Air puffs delivered to the nose of an awake, lightly restrained rat every 15 s produced evoked potentials that changed gradually over time so that the averaged response to the last 40 stimuli was measurably different from the first 40. This habituation-like paradigm increased the size of an early component of the potential in several places. When measured with respect to the time of stimulus onset (there was a 21.6 ms delay in the time of arrival of the stimulus maximum at the nose), one of the largest increases occurred 46 ms later (39 ms latency to onset, and 55 ms latency to offset).
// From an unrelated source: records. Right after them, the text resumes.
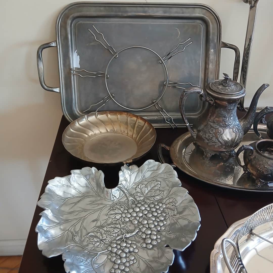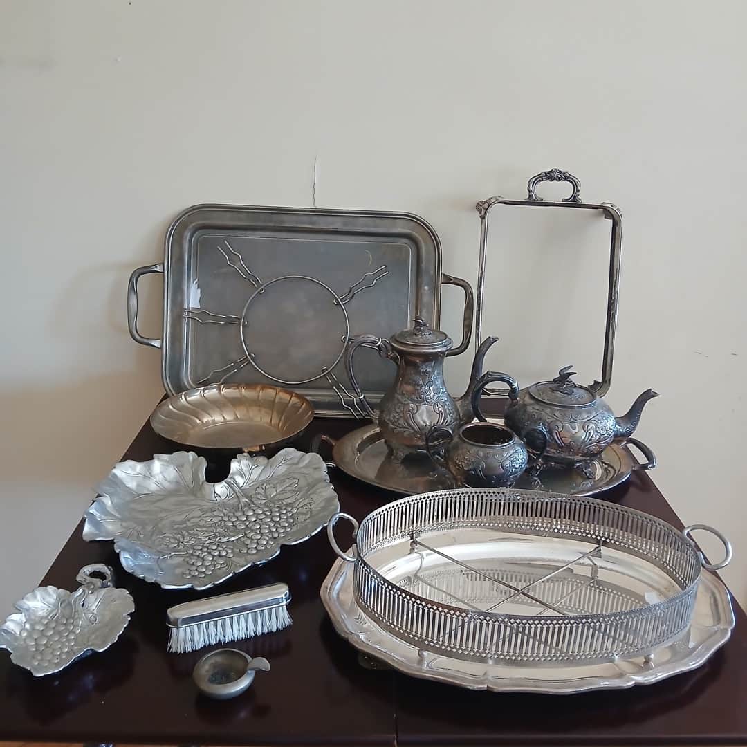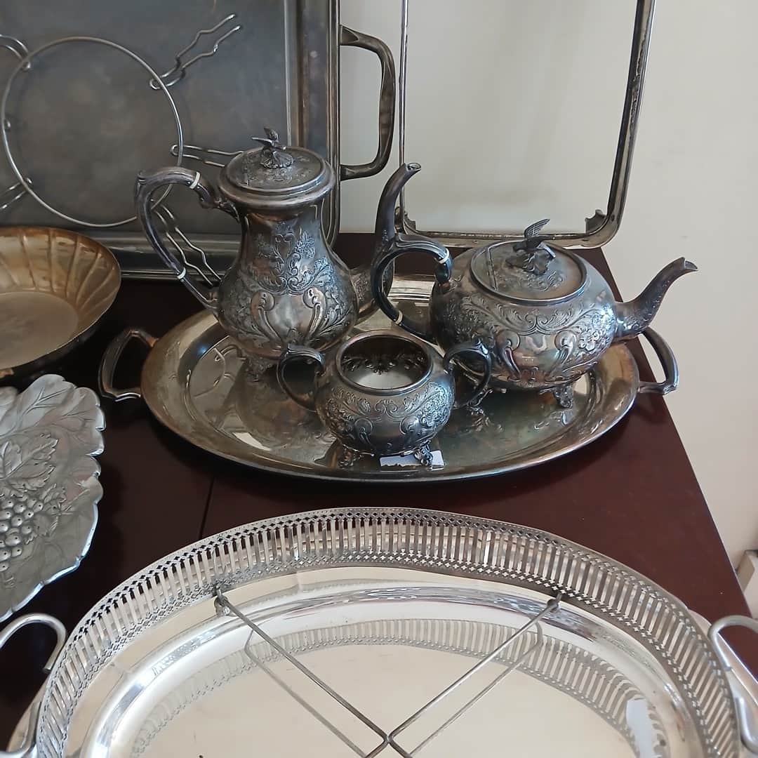 Bandejas, servicio (incompleto), cenicero y más. Tetera más alta 23 cm.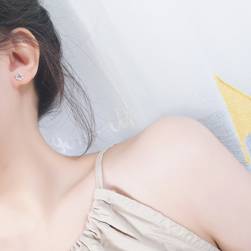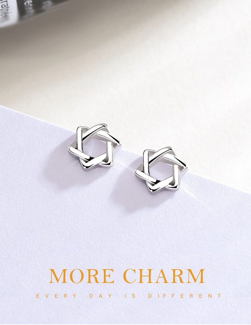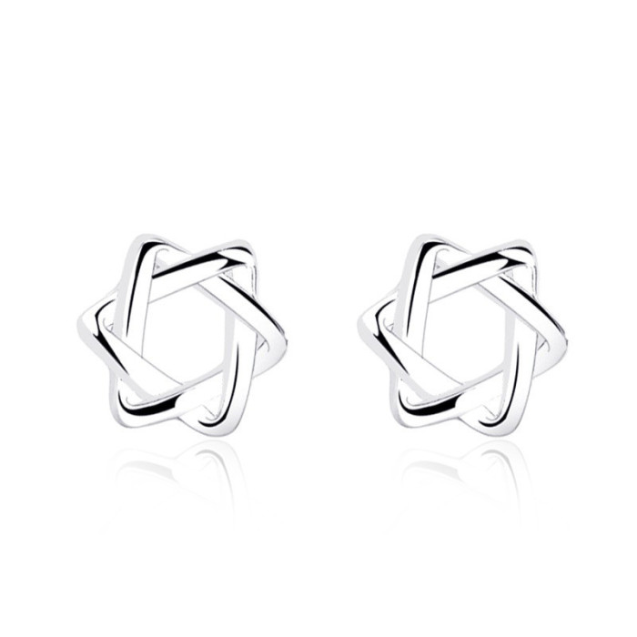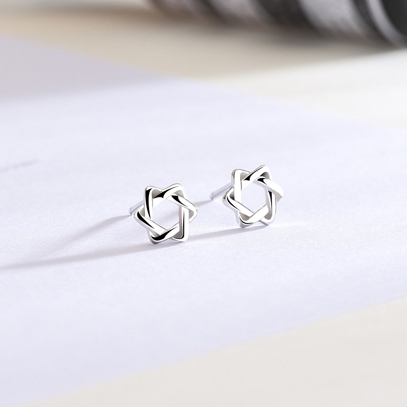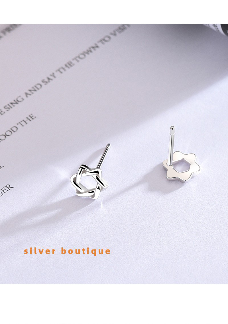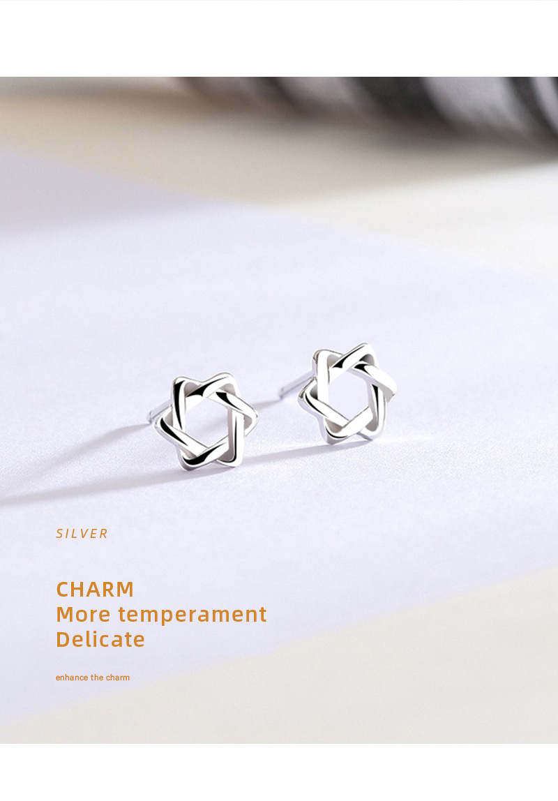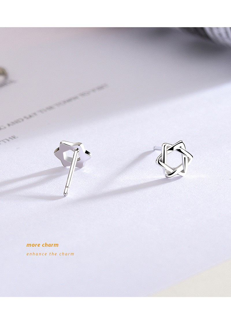 爆款925純銀針小耳骨幾何縷空素銀六芒星耳釘韓國簡約耳飾百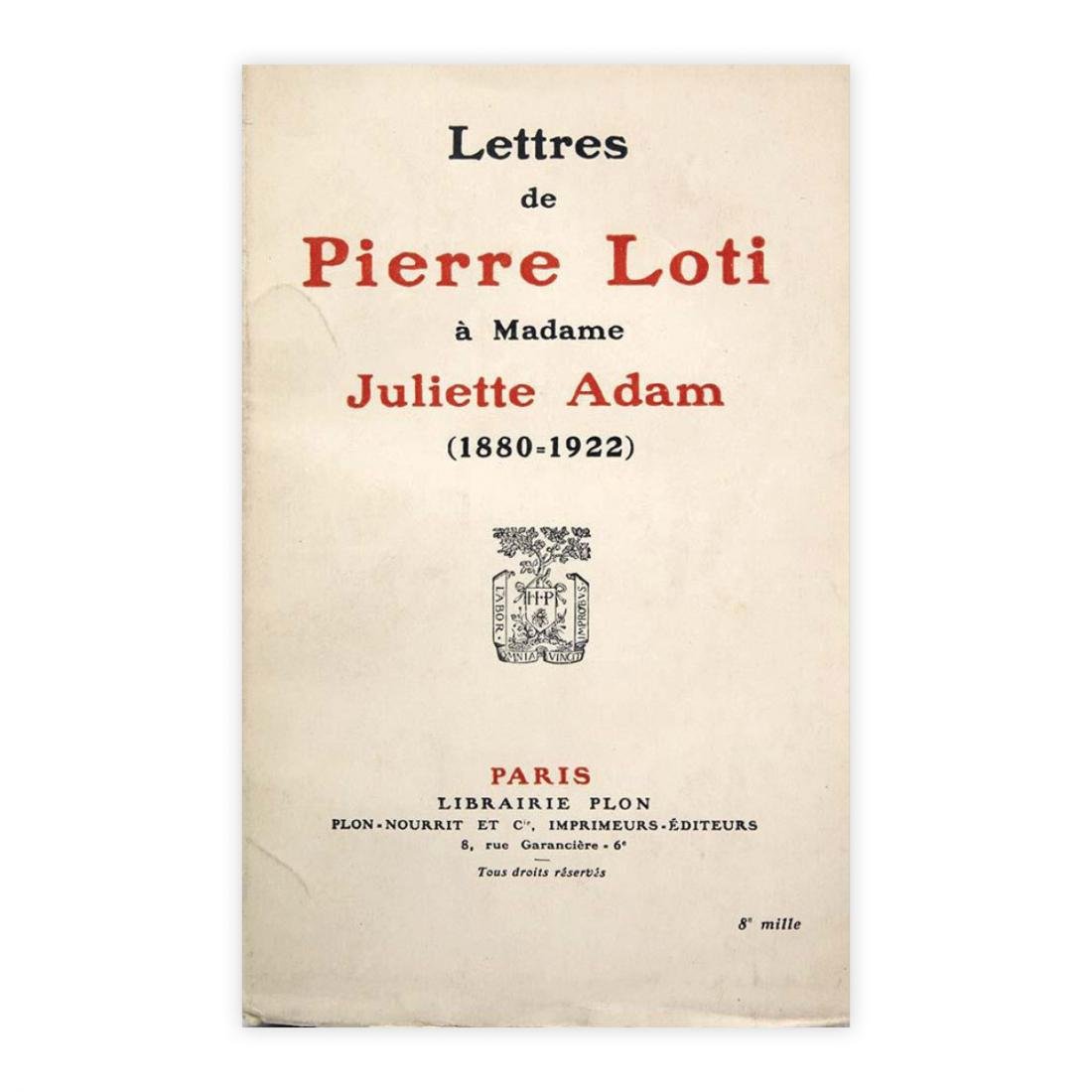 Autore: Pierre Loti Titolo: Letters a Madame Juliette Adam Sottotitolo: (1880=1922) Edizione: Librairie Plon - Paris 1924 Dimensioni: 12 x 19 cm c.a. Pagine: 248 Copertina: Brossura Condizioni: Ottime come da foto

As well, a late component of the waveform became more positive, showing a maximum between 156 and 185 ms (133 ms latency to onset, and more than 250 ms latency to offset). Changing the pattern but not the number of stimuli accelerated the rate of this positive shift with a maximum at 37 ms (21 ms latency to onset, and 42 ms latency to offset), but did not affect the rate of change in the late component. This effect of altering the temporal pattern of the stimuli was blocked by systemic injections of atropine sulfate, a blocker of central muscarinic receptors, whereas, neither saline injections nor atropine methyl nitrate injections (an atropine analog that does not cross the blood-brain barrier) could produce these changes. These observations suggest that the adaptive changes of the somatosensory evoked potential induced by novel patterns intercalated in otherwise monotonous repetitive somatic stimuli depend upon central muscarinic mechanisms.